Conversely, the fact that pair rule gene expression changes quantitatively in the direction of the d/v axis also implies that, directly or indirectly, d/v axis regulators, such as twist, snail and dorsal, are responsible for generating these changes. As we show in the accompanying paper , this is the case. The regulatory systems controlling the two principal body axes appear to mutually interact early during zygotic transcription.
The Drosophila blastoderm embryo is one of the most intensely studied systems in developmental biology, both in the areas of transcriptional regulation and morphological development. The fact that our three-dimensional methods have quickly uncovered new features of this system suggests there is still much to learn about many developmental processes. The detailed complexity of morphology and gene expression revealed by these methods, much of which cannot be readily judged by eye, suggest that quantitative three-dimensional measurements and computational analyses will be essential if we are to truly describe and understand animal regulatory networks.

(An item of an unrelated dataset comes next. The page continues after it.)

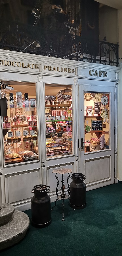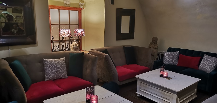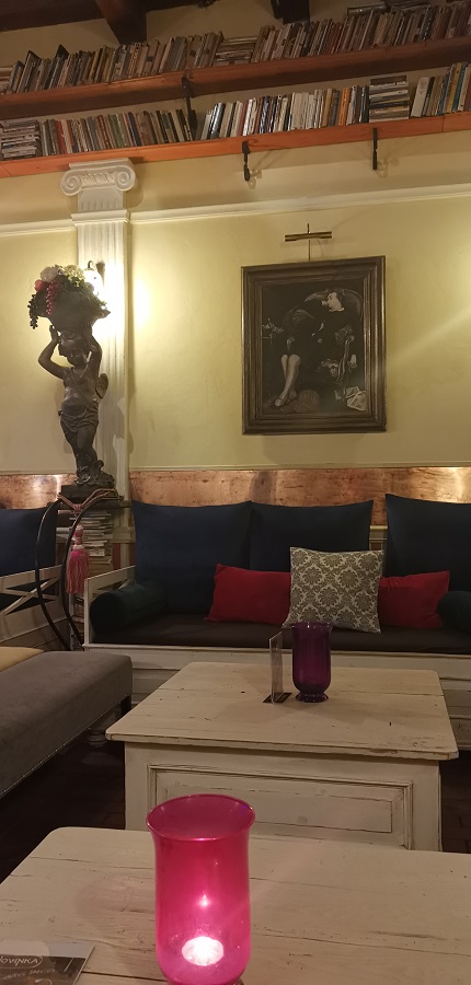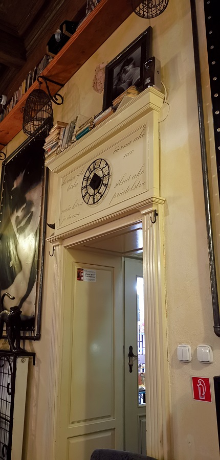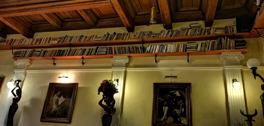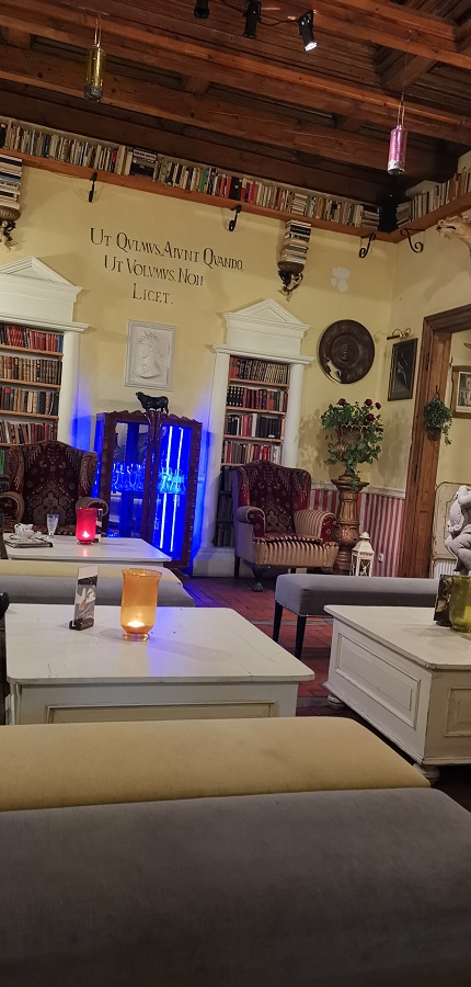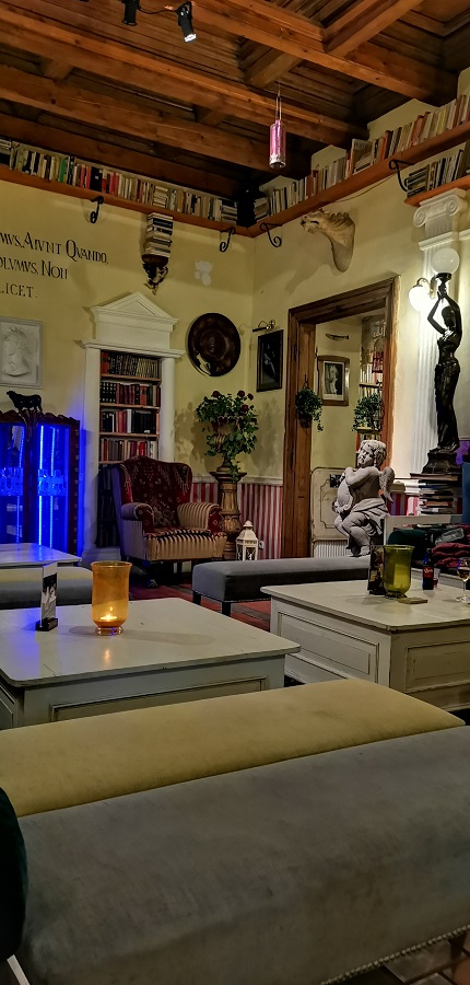 Strácam pojem o čase a neverím vlastným očiam. Ako milovníčka kníh veľmi oceňujem bohatú knižnú zbierku. Svetlo je tlmené – romantické, sedenie v šedej farbe s kopou farebných vankúšikov a s dominantným bielym dreveným stolom je veľmi pohodlné. V miestnosti sa nachádza všetko možné, na čo si človek spomenie, vázy s kvetmi, sochy, obrazy, lampičky, lampáše, kreslá, tapety, sviečky, prekrásny drevený strop. Projektor na stene prehráva video a v pozadí hrá príjemná hudba. Tajuplne na mňa pôsobí tiež predstava, že sa nachádzam v priestoroch bývalej krajčírskej dielne. Koľko rôznych životných príbehov sa tu odohralo?

The methods we have presented here and in the accompanying paper are by no means sufficient, however. Further work will be required to establish how well our data capture levels of gene expression. The dataset we have released provides information for individual embryos, each showing the expression of only a pair of genes. To examine regulatory relationships between transcription factors and their targets, it will be important to compare the expression of many genes within a common framework [41, 42]. To this end, we have developed methods for aligning information from multiple PointClouds to allow such cell-by-cell comparisons of the expression of hundreds of genes and are using these to explore the relationships between regulator and target gene expression patterns (CC Fowlkes and J Malik, unpublished data). In addition, our methods will require further development before they can be applied to the analysis of gene expression in later stages of Drosophila development and to other animal systems. The broader application of quantitative three-dimensional analyses will likely require the efforts of a large multidisciplinary community of researchers.
Materials and methods
Fly stocks and nucleic acid probes
Wild-type embryos were cultured in cages for many years, starting with a nominally CantonS strain.

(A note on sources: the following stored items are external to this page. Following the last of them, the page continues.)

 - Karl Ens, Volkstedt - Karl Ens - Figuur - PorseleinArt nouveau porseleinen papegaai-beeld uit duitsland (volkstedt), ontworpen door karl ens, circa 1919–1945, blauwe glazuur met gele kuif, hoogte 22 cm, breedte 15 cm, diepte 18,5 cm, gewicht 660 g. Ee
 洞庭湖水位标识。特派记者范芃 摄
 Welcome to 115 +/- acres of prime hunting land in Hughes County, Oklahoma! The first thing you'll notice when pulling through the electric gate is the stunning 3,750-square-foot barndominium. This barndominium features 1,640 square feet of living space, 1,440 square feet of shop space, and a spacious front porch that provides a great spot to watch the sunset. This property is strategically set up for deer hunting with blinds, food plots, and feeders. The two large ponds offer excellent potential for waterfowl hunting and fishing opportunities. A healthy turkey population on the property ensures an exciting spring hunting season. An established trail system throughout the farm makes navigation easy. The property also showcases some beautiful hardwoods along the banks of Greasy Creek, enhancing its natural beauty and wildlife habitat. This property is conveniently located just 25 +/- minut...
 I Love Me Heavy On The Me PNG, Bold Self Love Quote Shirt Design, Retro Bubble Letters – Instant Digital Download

Full length eve, ftz, gt, hb, kni, Kr, prd and slp1 cDNAs were inserted in Gateway pDEST-vectors (M Stapleton, B Grondona, unpublished data). A 1.7 kb Sna cDNA fragment in pBSK(+) was a gift from E Bier (UC Santa Cruz, CA, USA). To create linear DNA templates, pDEST full length cDNAs were amplified using extended vector primers such that the T3 primer sequence was 3' of the cDNA and the T7 primer lay 5' (T7: 5'-GTA ATA CGA CTC ACT ATA GGG ACA TCA CCT CGA ATC AAC A; T3: 5'-AAT TAA CCC TCA CTA AAG GGC GGG CTT TGT TAG CAG C). The pBSK+ cDNA was PCR-amplified using M13 ± primers. Antisense biotin (BIO), digoxigenin (DIG) or dinitrophenyl (DNP)-labeled RNA probes were prepared by in vitro transcription from PCR generated DNA templates for each gene using T3 RNA polymerase. To increase signal, the probes were not hydrolyzed .
Wild-type embryos were collected for 1 h and matured for 3 h at 25°C, then dechorionated with 50% household bleach for 3 minutes and fixed for 20 minutes with 1:4 (v/v) solution of 10% formaldehyde (Polysciences, Warrington, PA, USA) and heptane (Sigma, St. Louis, MO, USA). Fixed embryos were devitellinized by shaking vigorously in 1:1 methanol/heptane, after which they were washed three times with methanol and once with 100% ethanol, and stored in ethanol at -20°C.

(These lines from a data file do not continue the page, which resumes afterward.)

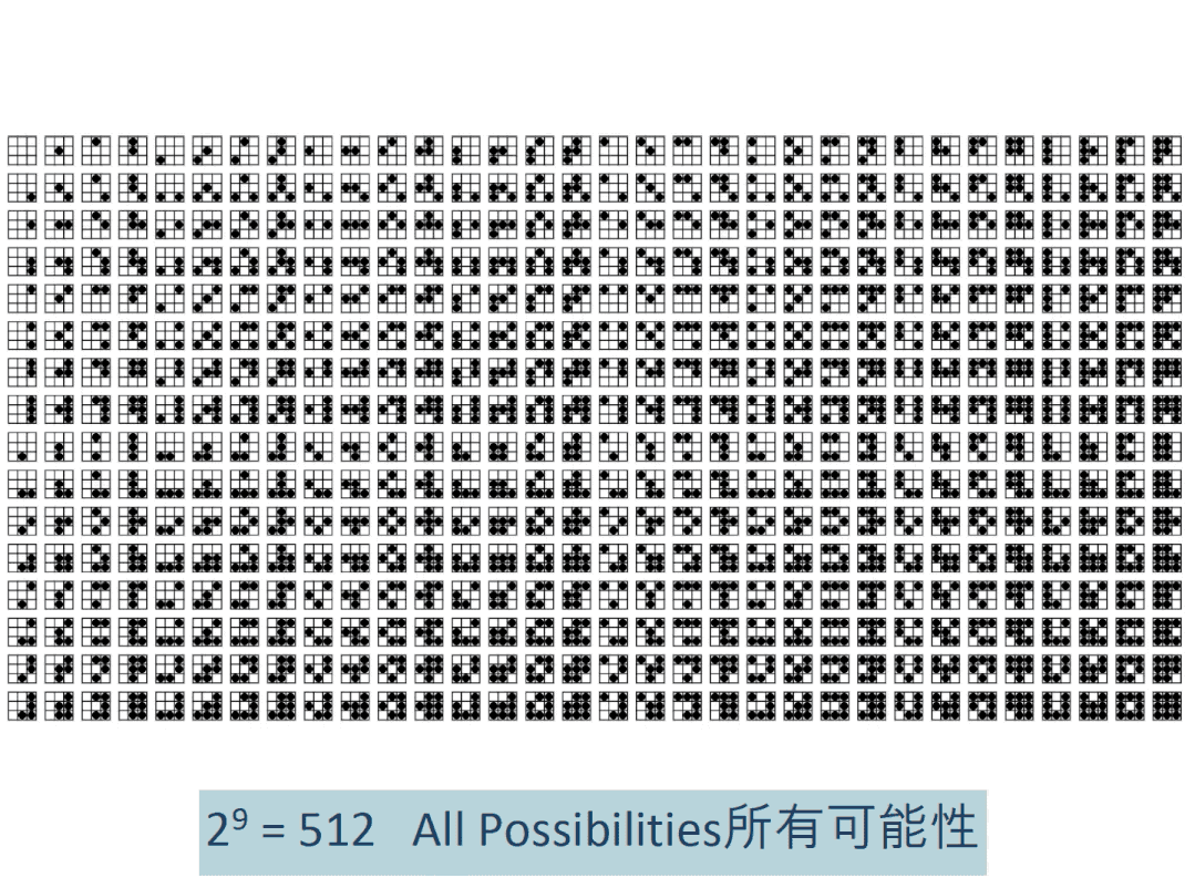 如何找到其中最好看的组合,我们需要一个标准,也就是所谓的设计。如果以对称为标准,我们就会看到32个中心对称的组合,64个水平对称的组合和64个垂直对称的组合。在如此多的结果中,这些遵从一定规则和标准的组合就隐藏在其中,这就是我们在寻找的东西。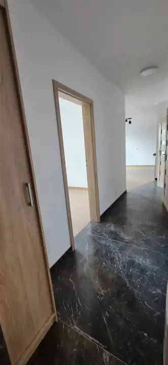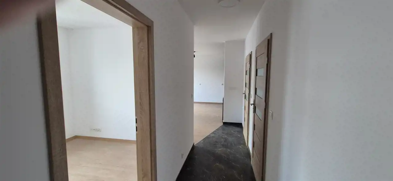 W korytarzu mieszkania położone są kafle, zamontowana szafa , w pokojach położone panele ,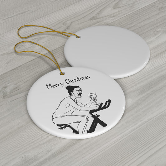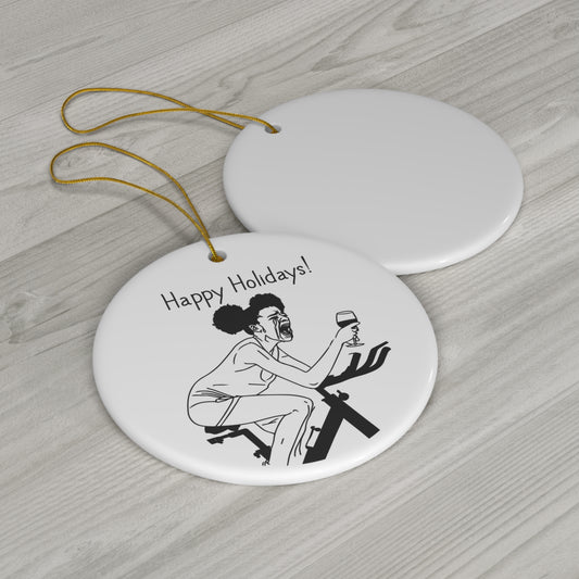 Happy Holidays! Funny Ceramic Ornament | Woman Crying on Peloton with Wine | Hilarious Holiday Gift for Moms | Christmas gifts | Holiday Humor
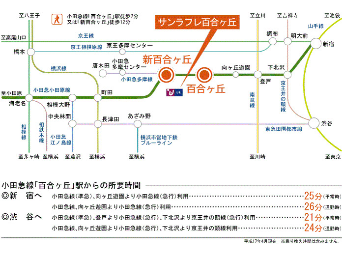 Odakyu Odawara Line 『 Shin Yurigaoka Station 』 + 10 minutes walk Tokyu Denentoshi Line 『 Azamoino Station 』 41 minutes bus ( to『管理事務所前』 bus stop) + 2 minutes walk |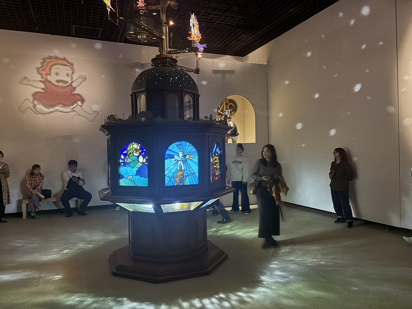 この展示スタイルは、2024年に至るまで一貫していて、アニメ作品を紹介するパネルの周囲には、F1レーサーのアイルトン・セナ、ナタ・デ・ココ、湾岸戦争、英ダイアナ妃の事故死、朝鮮半島南北首脳会談など、世相を象徴する写真が多数置かれている。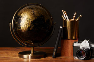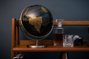 20cm (8") black and gold double axis globe with a brushed metal frame and base. Detailed country and city information clearly presented in a modern two colour layout. It’s a beauty!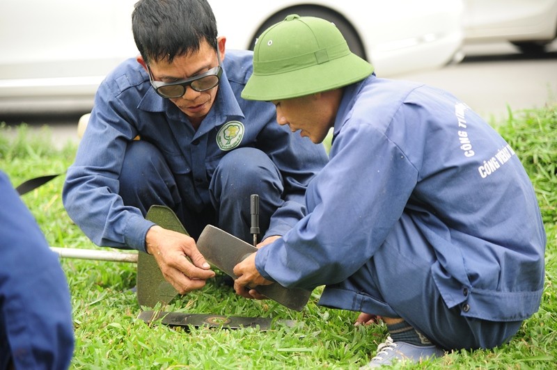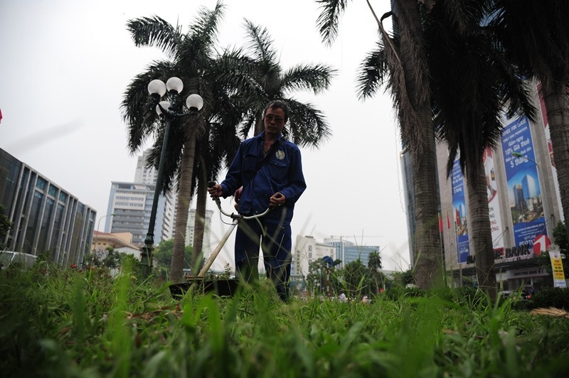 Bắt đầu từ 9/10, công nhân của Công ty cây xanh Hà Nội đã tiến hành cắt cỏ trên nhiều tuyến phố lớn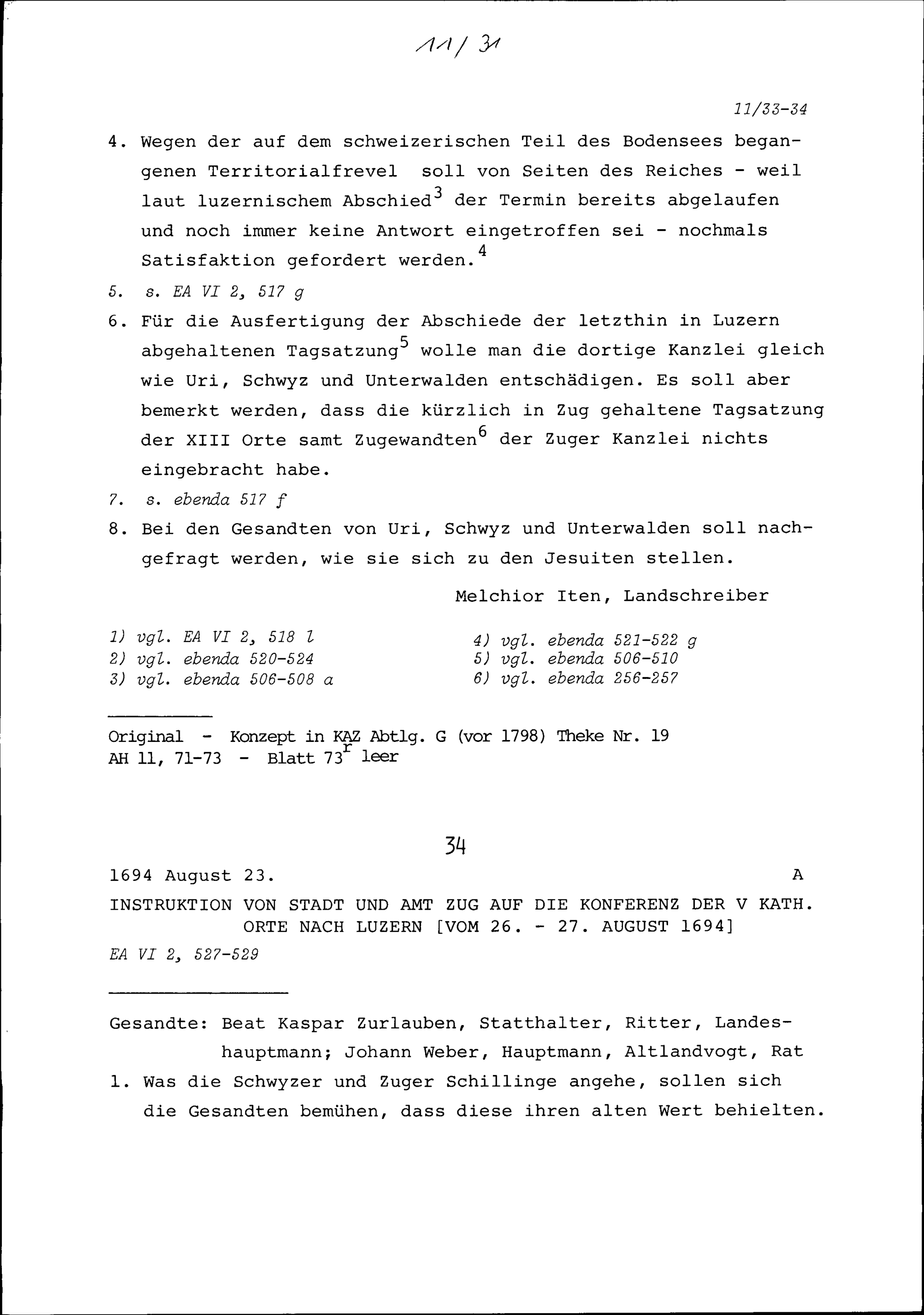 Instruktion von Stadt und Amt Zug auf die Konferenz der mit Mailand verbündeten Orte sowie des Abtes von Sankt Gallen in Luzern vom 5. bis 6. Mai 1694

Embryos were rehydrated in phosphate buffered saline pH 7.2, 0.05% Tween20, 0.2% TritonX-100 (PBT+Tx), post-fixed for 20 minutes in 5% formaldehyde/PBT+Tx, and, after several washes in hybridization buffer (50% formamide, 5 × SSC pH 5.2 to 5.4, 0.2% TritonX-100, 50 μg/ml heparin) at 55 to 59°C, prehybridized for 1 to 5 h in hybridization buffer. There was no proteinase K treatment. To improve the staining quality, the prehybridized eggs were stored in -20°C hybridization buffer for at least 16 h.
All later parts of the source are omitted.